Recorded data
* * * * * * *

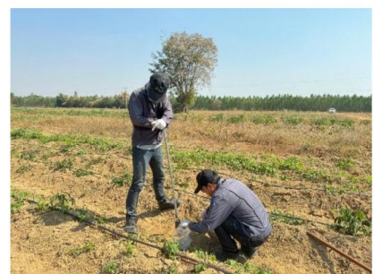
จุดที่ 9 กลุ่มชุดดินที่ 40
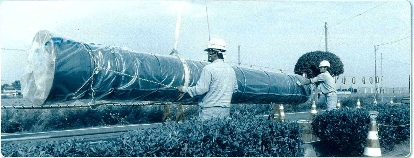
〈 水道工事風景 口径φ700mm 〉
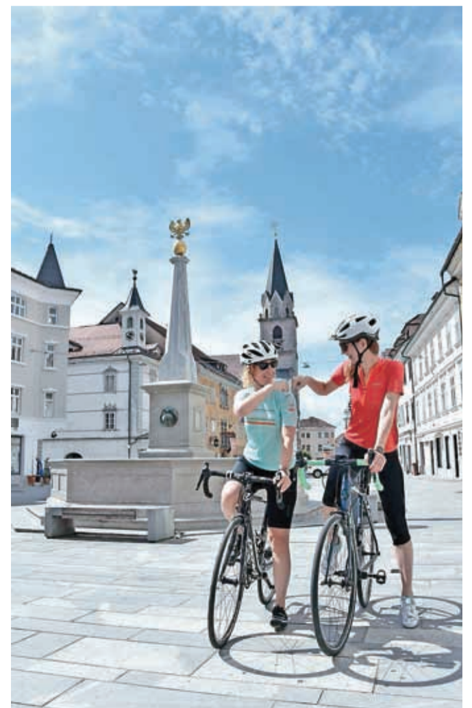
Kranjska kolesarska roža

te vračali mimo Brezij, Ljubnega, Kovorja, Dupelj in Strahinja. Jezerjanka pa s Posestva Brdo zavije proti Predosljam do Preddvora. Cesta do Jezerškega se vije po ozki dolini. Priporočamo postanek pri Planšarskem jezeru. Iz Jezerškega se nato po isti cesti vrnete nazaj do Tupalič, Hotemaž, Visokega, Šenčurja, Hrastij in nazaj v Kranj. Zemljevid Kranjske kolesarske rože z opisom poti ter kulturnih in naravnih znamenitosti boste že v septembru našli v Turistično-informativnem centru na Glavnem trgu 2 ter na spletnih straneh www.visitkranj.si .

* * * * * * *

What you have to do
Return the whole listing, word for word, and leave out every picture.

Task answer
จุดที่ 9 กลุ่มชุดดินที่ 40
〈 水道工事風景 口径φ700mm 〉
Kranjska kolesarska roža

te vračali mimo Brezij, Ljubnega, Kovorja, Dupelj in Strahinja. Jezerjanka pa s Posestva Brdo zavije proti Predosljam do Preddvora. Cesta do Jezerškega se vije po ozki dolini. Priporočamo postanek pri Planšarskem jezeru. Iz Jezerškega se nato po isti cesti vrnete nazaj do Tupalič, Hotemaž, Visokega, Šenčurja, Hrastij in nazaj v Kranj. Zemljevid Kranjske kolesarske rože z opisom poti ter kulturnih in naravnih znamenitosti boste že v septembru našli v Turistično-informativnem centru na Glavnem trgu 2 ter na spletnih straneh www.visitkranj.si .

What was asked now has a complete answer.